Comment 11 Aleksander Adamowski 2004-05-28 10:33:55 EDT
Does this issue affect Fedora 2's 2.6 kernel?
Comment 12 Dave Jones 2004-05-28 10:45:13 EDT
no. refile_inode doesn't exist there.
Comment 13 Aleksander Adamowski 2004-05-31 15:28:37 EDT
Another panic in refile_inode occured just today on kernel-2.4.22-1.2190.nptlsmp. The problem has not been resolved, or the problem is separate (in that case, bug 123332 is not a dupe of this one).
Comment 14 Aleksander Adamowski 2004-06-01 05:12:42 EDT
BTW, looking at /usr/src/linux-2.4/fs/inode.c (from kernel-source-2.4.22-1.2190.nptl RPM) the fix from comment #3 is present there. But the panics still happen.
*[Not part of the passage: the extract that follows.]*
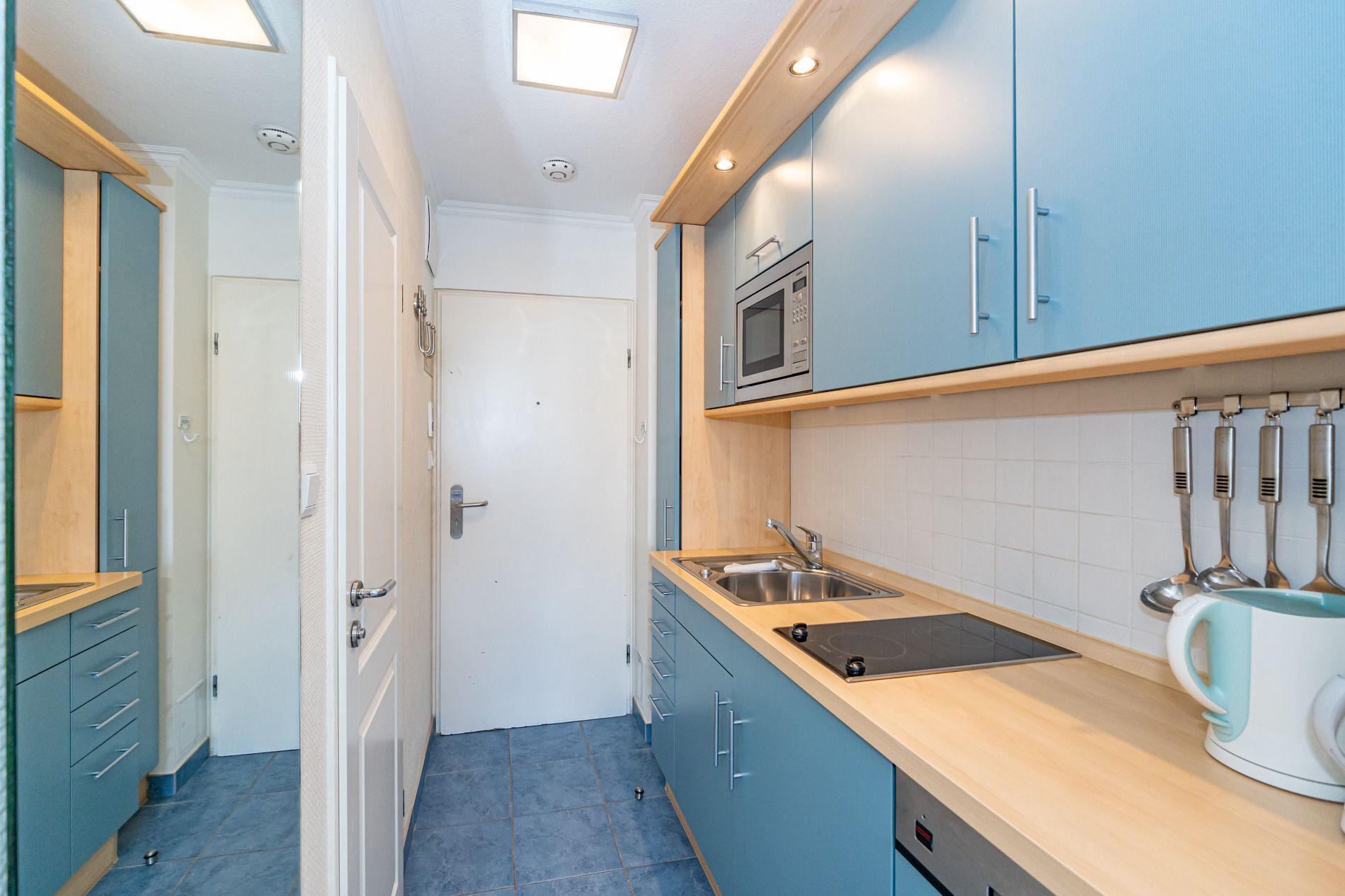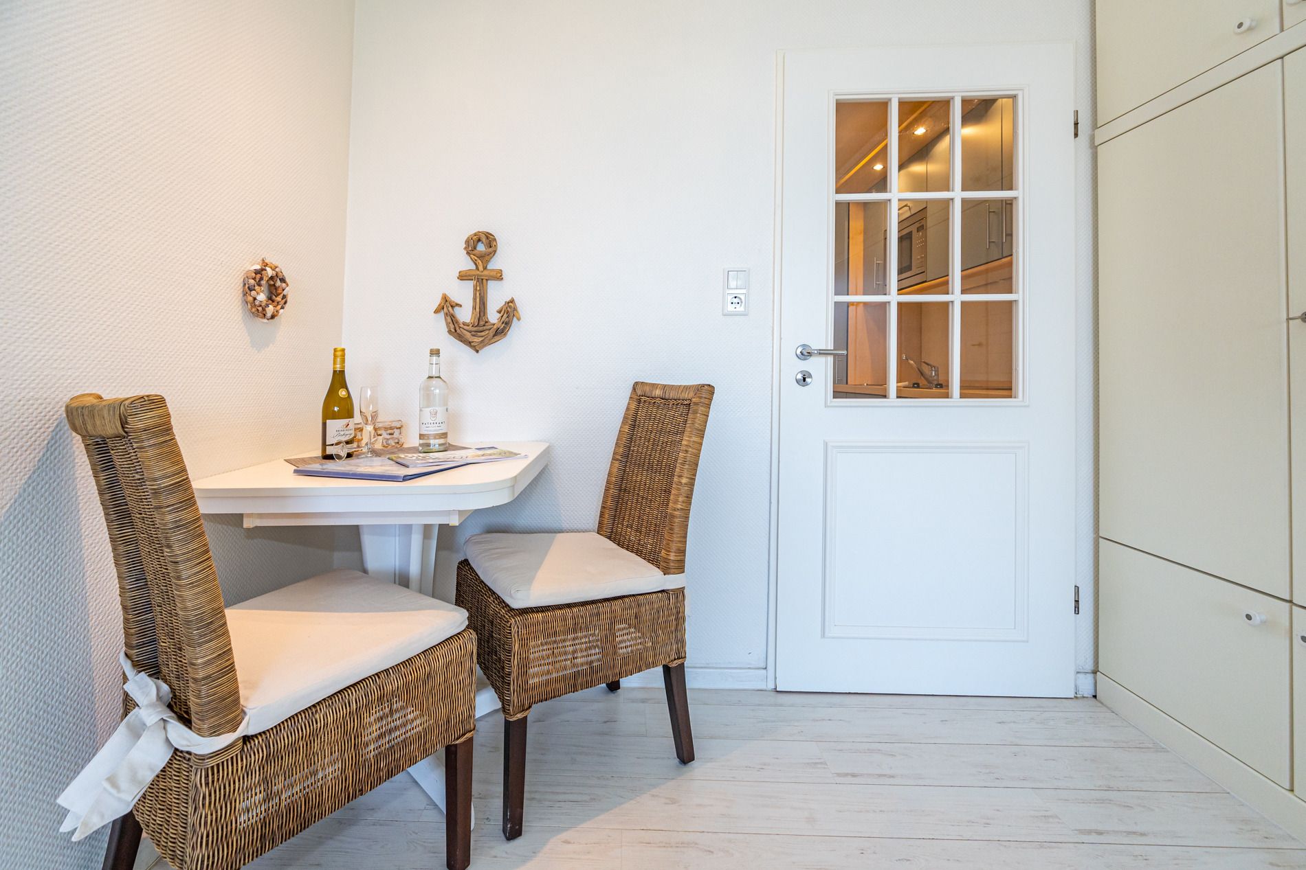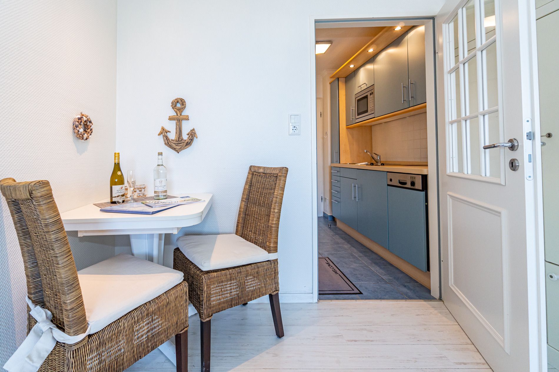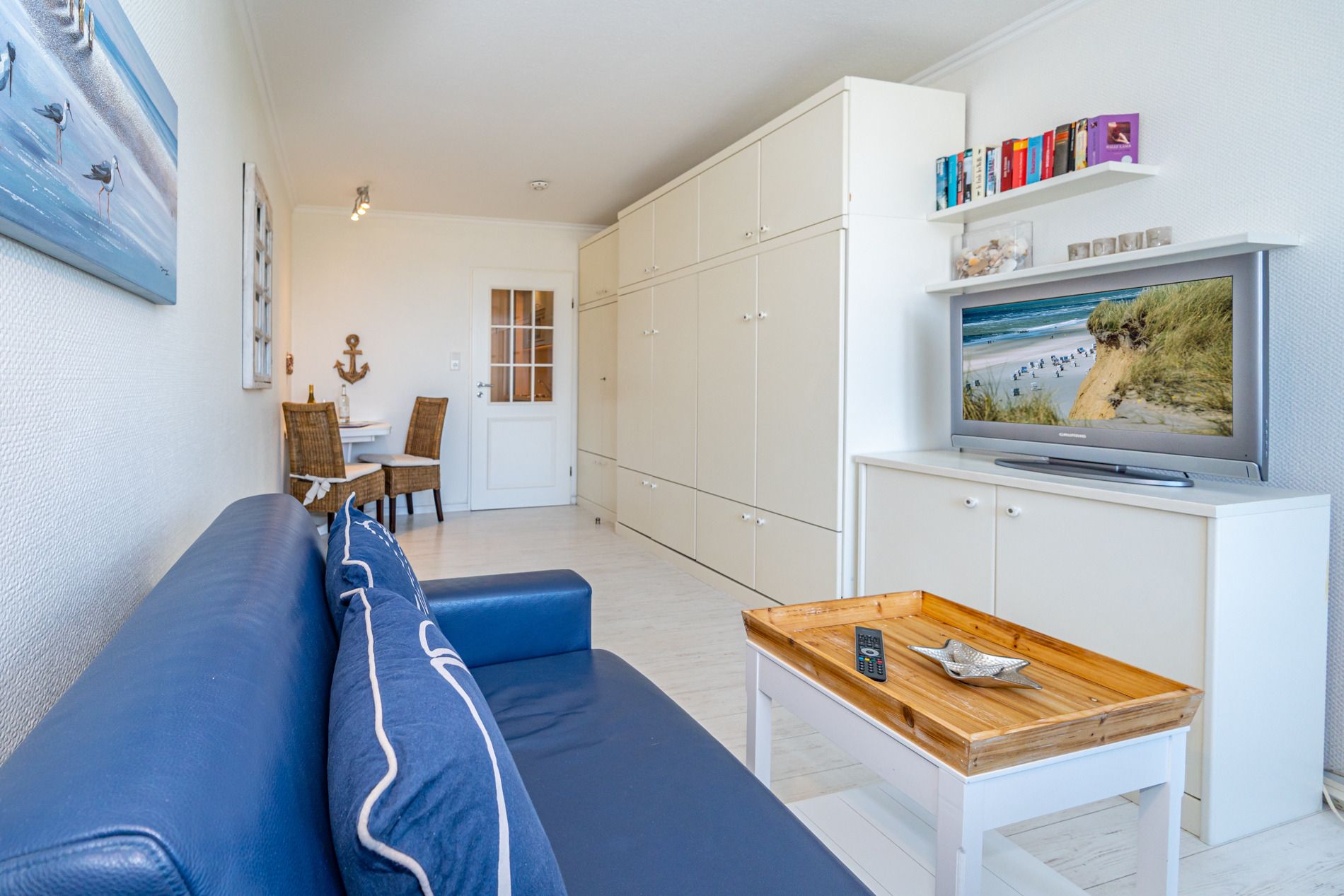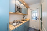 Vom Vorflur mit Garderobe und Küchenzeile gelangt man in das kombinierte Wohn-/Schlafzimmer (mit Austritt zum Balkon) und in das Duschbad/WC. Der Wohn-/Schlafraum mit neuem Designerboden in Holzoptik besteht aus einem hochwertigen 2-Sitzer-Ledersofa und einem Ledersessel von Bielefelder Werkstätten, einem separaten Essplatz (Eckbank), Doppelschrankbett (Betten sind einzeln ausklappbar), Kabel-Flachbild-TV, Radio/CD. Die moderne Küchenzeile hat einen Geschirrspüler, ein Cerankochfeld, eine Mikrowelle mit Grillfunktion und einen Kühlschrank mit 3*-Gefrierfach. Kaffeemaschine, Wasserkocher und Toaster gehören zur Grundausstattung.

Comment 15 David Lawrence 2004-09-29 16:22:29 EDT
Thanks for the bug report. However, Red Hat no longer maintains this version of the product. Please upgrade to the latest version and open a new bug if the problem persists. The Fedora Legacy project (http://fedoralegacy.org/) maintains some older releases, and if you believe this bug is interesting to them, please report the problem in the bug tracker at: http://bugzilla.fedora.us/
Comment 16 Larry Troan 2004-10-19 18:04:22 EDT
Problem was found and fixed in RHEL3 U3.